### Task details
The copy has to match the data exactly and leave out every picture.

*** Opening of Extracted information ***

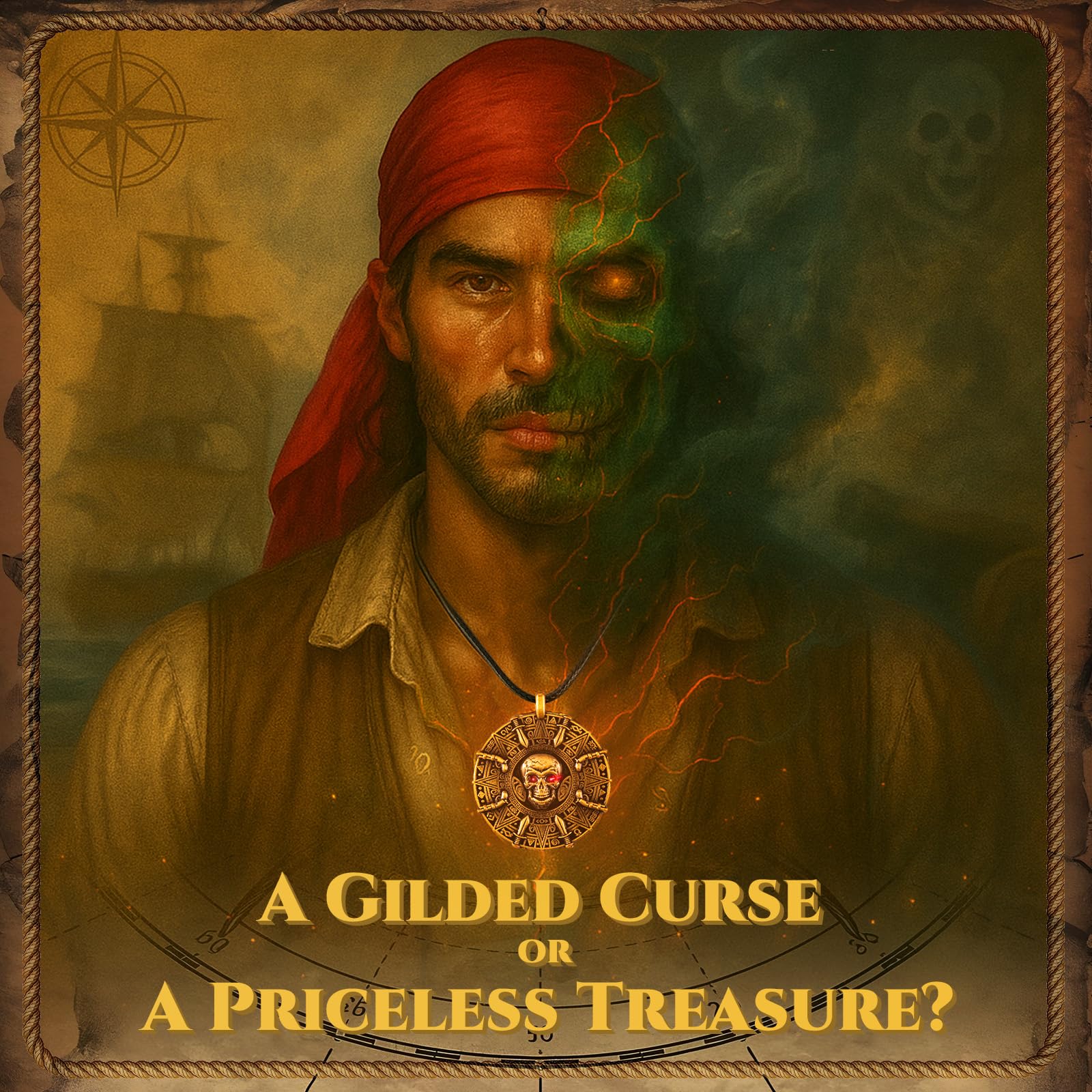 ใ๐ดโ๏ธ๐๐ฒ๐ฎ๐๐๐ฟ๐ถ๐ป๐ด ๐ง๐ต๐ฟ๐ฒ๐ฒ ๐ฃ๐ถ๐ฟ๐ฎ๐๐ฒ-๐๐ป๐๐ฝ๐ถ๐ฟ๐ฒ๐ฑ ๐๐ต๐ฎ๐ฟ๐บ ๐๐ฒ๐๐ถ๐ด๐ป๐ใ The Cursed Skull, a golden relic shrouded in dark legend; the Gun & Sword, symbolizing the steel and fire every pirate lives by; and the Aztec Symbols, etched with ancient whispers of power and mystery.
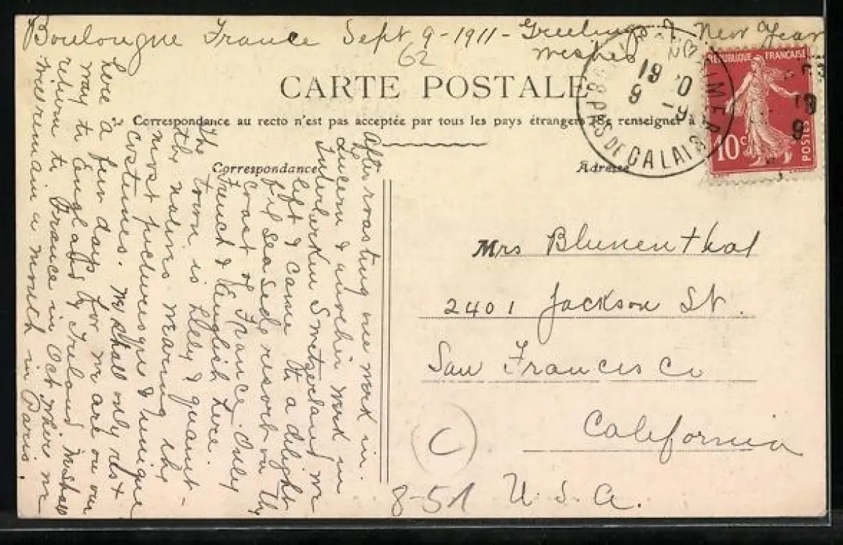 Personenbezogene Daten auf der Rückseite der Karte wurden durch blauen Textmarker unkenntlich gemacht. Die blauen Stellen sind auf die Vorderseite durchgeweicht und wirken sich negativ auf das Postkartenfoto aus
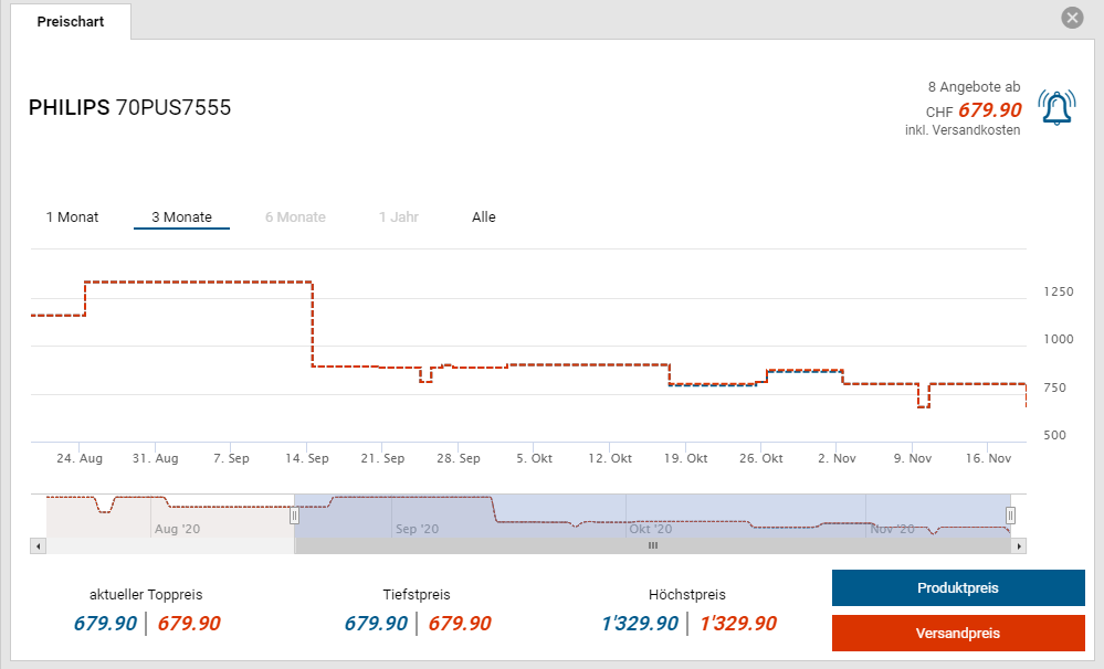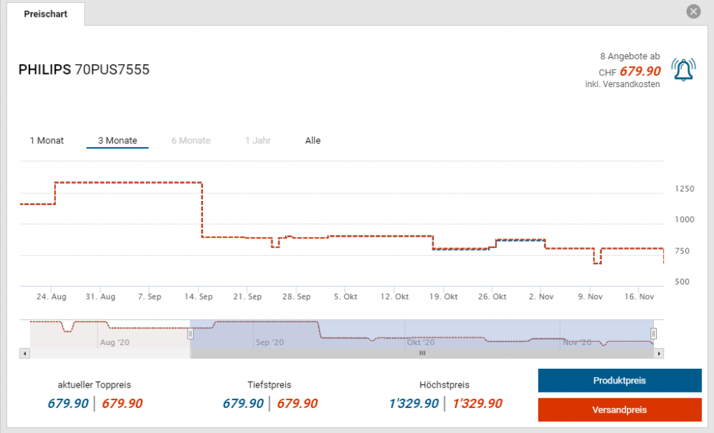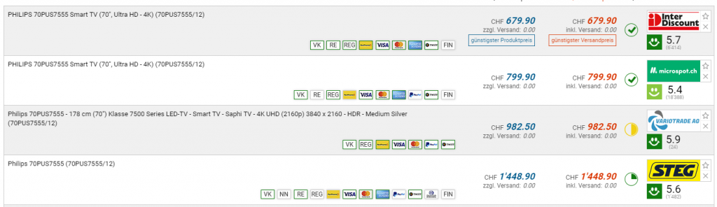 Bei Interdiscount gibt es den PHILIPS 70PUS7555 Smart TV für den Bestpreis von CHF 679.90. Diesen Bestpreis gab es schon einmal vor 2 Wochen. Der zweitbeste Preis beträgt CHF 799.-.
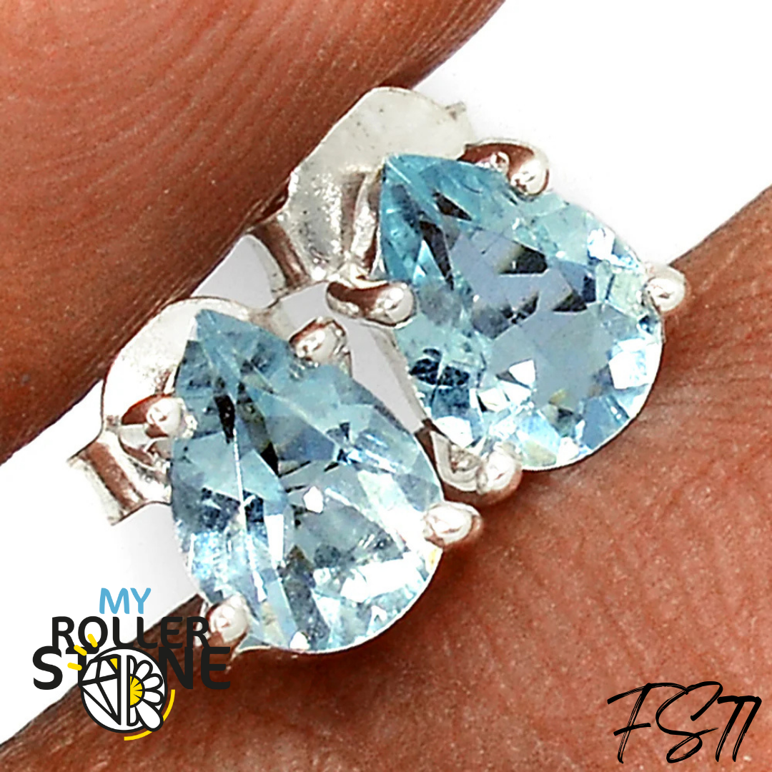 Boucles d'oreilles Facettée Argent 925 Aigue-Marine FS77
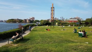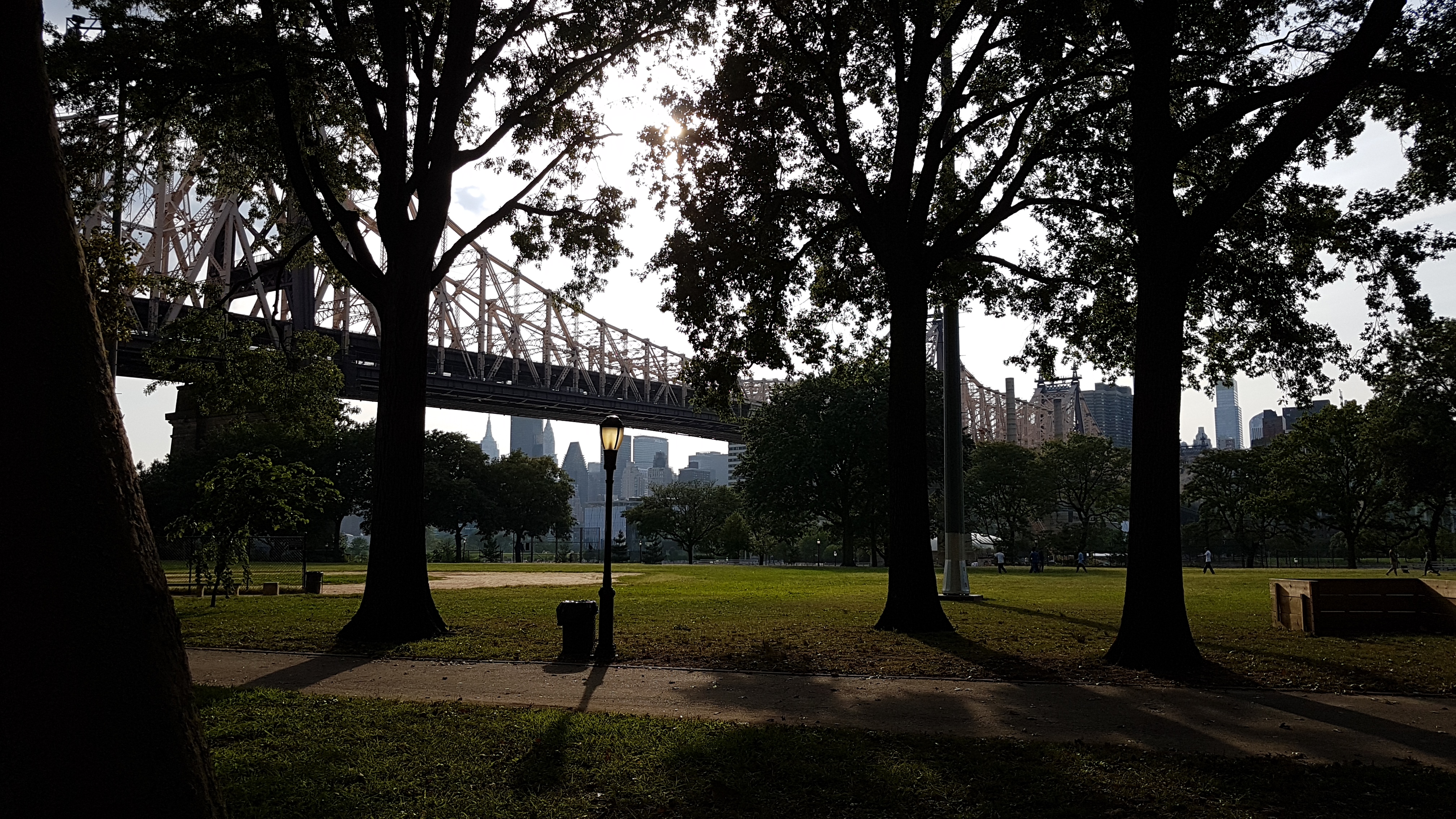 comme tous les parcs de new york et d’ailleurs, il est rempli le dimanche venu de familles et de leur progéniture. l’intérêt du queensbridge, qui longe l’east river et qui n’est pas spécialement petit, est qu’il est situé au pied du ed koch queensboro bridge. et qu’on se croirait dans un film, tant la vue est à la fois familière et spectaculaire…

*** Close of Extracted information ***

### Answer box
 ใ๐ดโ๏ธ๐๐ฒ๐ฎ๐๐๐ฟ๐ถ๐ป๐ด ๐ง๐ต๐ฟ๐ฒ๐ฒ ๐ฃ๐ถ๐ฟ๐ฎ๐๐ฒ-๐๐ป๐๐ฝ๐ถ๐ฟ๐ฒ๐ฑ ๐๐ต๐ฎ๐ฟ๐บ ๐๐ฒ๐๐ถ๐ด๐ป๐ใ The Cursed Skull, a golden relic shrouded in dark legend; the Gun & Sword, symbolizing the steel and fire every pirate lives by; and the Aztec Symbols, etched with ancient whispers of power and mystery.
 Personenbezogene Daten auf der Rückseite der Karte wurden durch blauen Textmarker unkenntlich gemacht. Die blauen Stellen sind auf die Vorderseite durchgeweicht und wirken sich negativ auf das Postkartenfoto aus
 Bei Interdiscount gibt es den PHILIPS 70PUS7555 Smart TV für den Bestpreis von CHF 679.90. Diesen Bestpreis gab es schon einmal vor 2 Wochen. Der zweitbeste Preis beträgt CHF 799.-.
 Boucles d'oreilles Facettée Argent 925 Aigue-Marine FS77
 comme tous les parcs de new york et d’ailleurs, il est rempli le dimanche venu de familles et de leur progéniture. l’intérêt du queensbridge, qui longe l’east river et qui n’est pas spécialement petit, est qu’il est situé au pied du ed koch queensboro bridge. et qu’on se croirait dans un film, tant la vue est à la fois familière et spectaculaire…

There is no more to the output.